### [Activity]
Only the lines from the top of the records below through the line containing "Above: Ochre Bush Squirrel" should be printed, exactly and without pictures.

'''

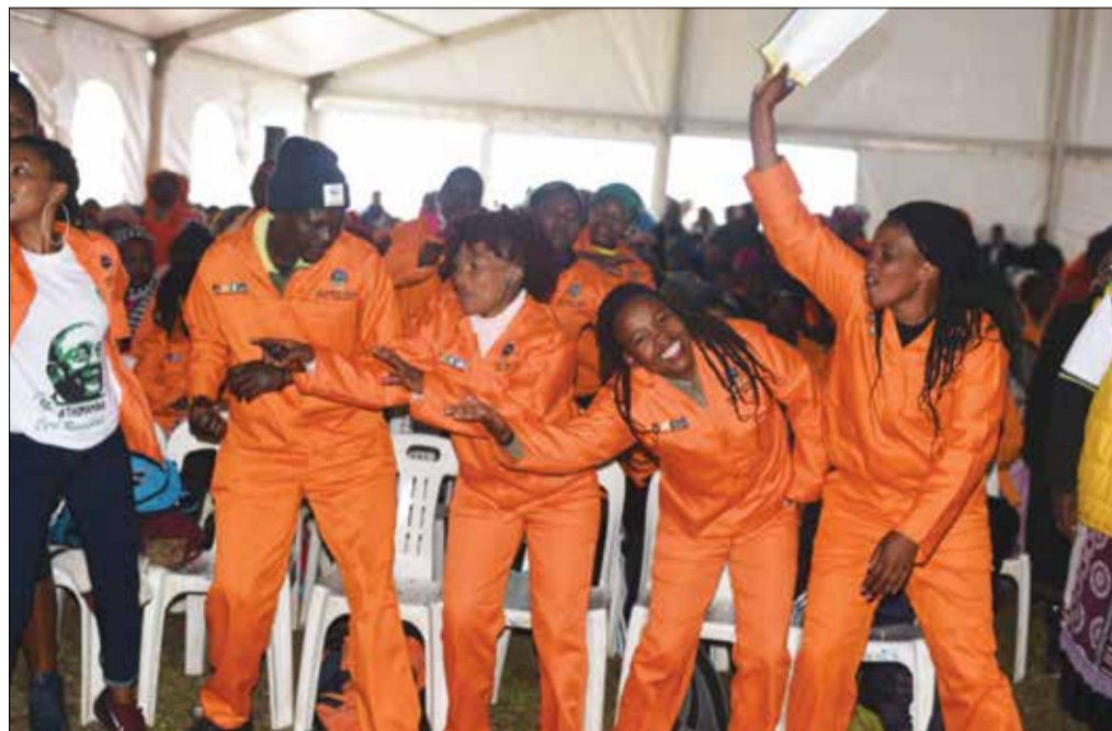
Above: EPWP beneficiaries singing and dancing at the Expanded Public Works Luanch at Mandizkane memorial park in KwaBhaca
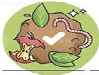
ADDING ORGANIC MATTER
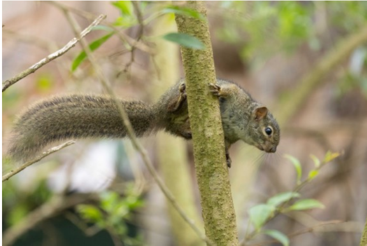
Above: Ochre Bush Squirrel

A 6.30 start for some birding on the property proved productive with several hirundines, as well as Cordon-bleu and Purple Grenadier. Ochre Bush Squirrels were common along the
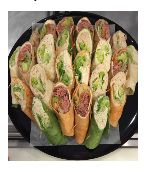
Finger Sandwiches $59.00/Dozen
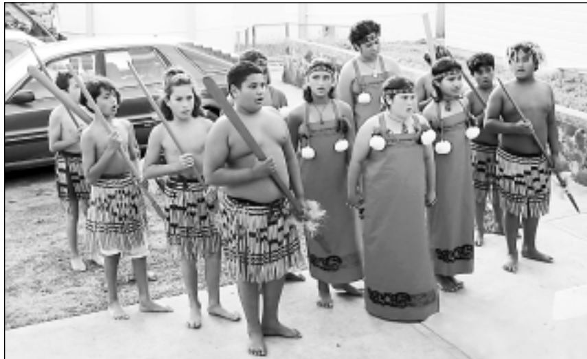
Young people greet APJN during a field trip.

We will propose to the Anglican Consultative Council meeting that resources be made available to revive the International Anglican Youth Network by allowing, as a first step, a meeting of young people in the Global South, which can be followed by a broad consultation of young people in the Communion.
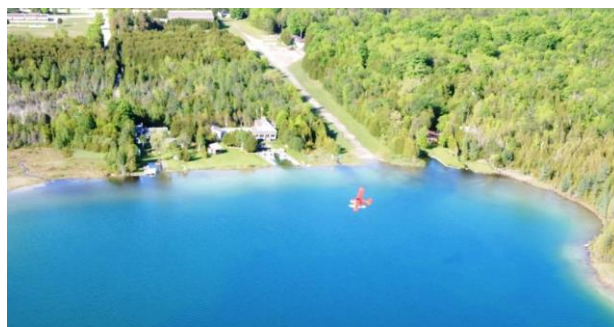
Flying over Williams Lake, the unusual shade of blue in the water is your first clue you are someplace very special and unique.

Williams Lake covers 148 acres and an unusual clover-shaped body of water which was named after the Williams family that owned a large portion of the land surrounding the lake. A railroad was built to Williams Lake in 1899 in order to dig up the grey-white muck known as 'marl' which is prominent at the lake. The marl or marlstone was quarried by a company in Owen Sound as an ingredient in their cement. The marl, which is similar to the chalk and limestone found in the white cliffs of Dover, UK, give Williams Lake its unusual shade of blue.
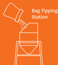
Bag Tipping Station
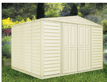
10.5' x 10'
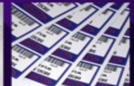
Factory Certification Sticker
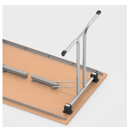
Easy folding of the table legs
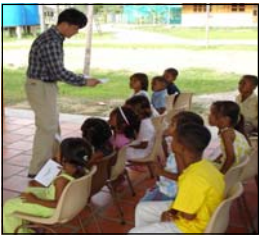
Above: Children receiving Riel

Our children thought they were millionaires!
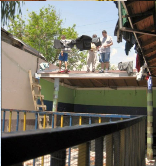
On roof working laundry duty!
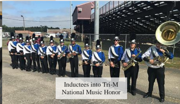
Inductees into Tri-M National Music Honor
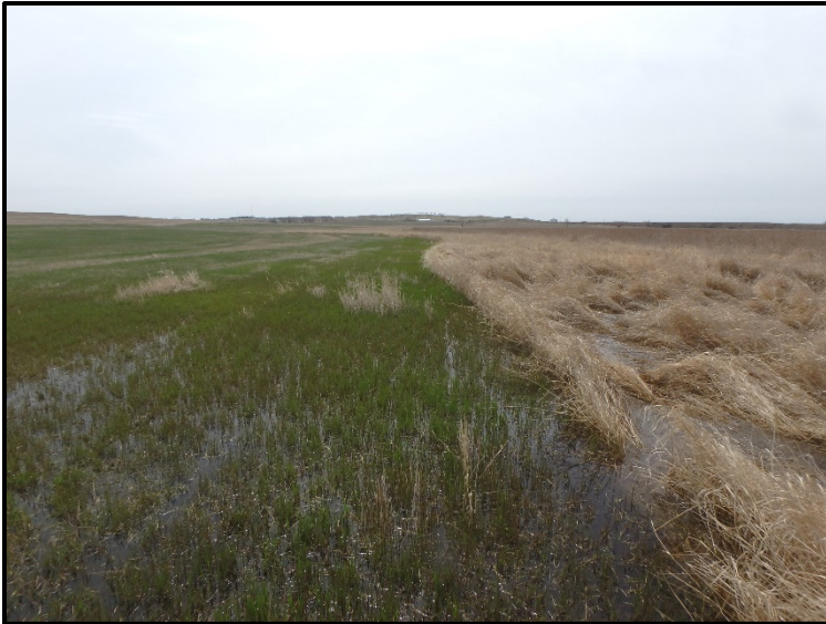
w-18042h-003 (extension) facing south
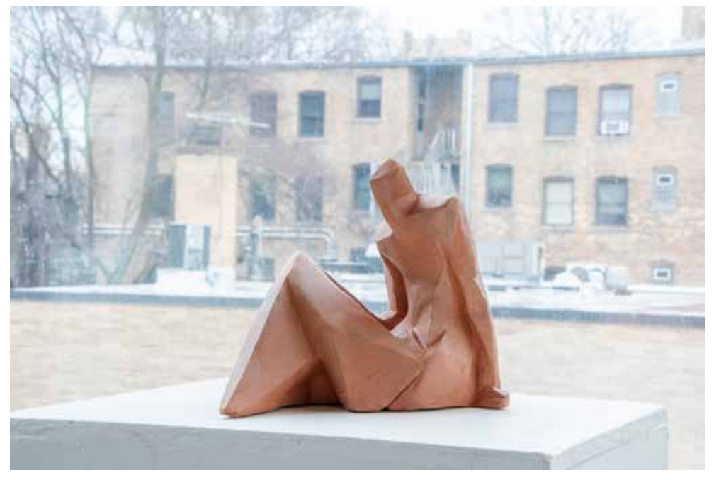
Sueko Kawamura.

sic drawing skills that never fail you. Discover how to look closely to draw quickly and effectively. Bolster your confidence to sketch comfortably in public, within the short time frame of a lunch break or a sightseeing tour. Skill Level: Beginner EAC Member $195 / Non-Member $215
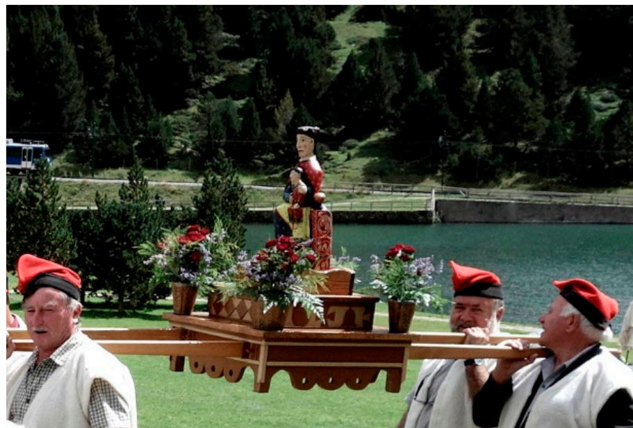
Figure 4. The patroness of the Pyrenees, la Mare de Déu de Núria, is carried to her sanctuary on 1 September 2016, the feast of St. Giles, patron saint of shepherds.

In Christian theology, Mary is not a person of the Holy Trinity, yet intense popular devotion and veneration gave rise to her cult and fostered an impressive iconographic development of her image. In most processions, her images are surrounded by flowers and often the final stretch of the route is carpeted with branches, leaves, and petals (Figure 4).

'''

### [Answer for the task]
Above: EPWP beneficiaries singing and dancing at the Expanded Public Works Luanch at Mandizkane memorial park in KwaBhaca
ADDING ORGANIC MATTER
Above: Ochre Bush Squirrel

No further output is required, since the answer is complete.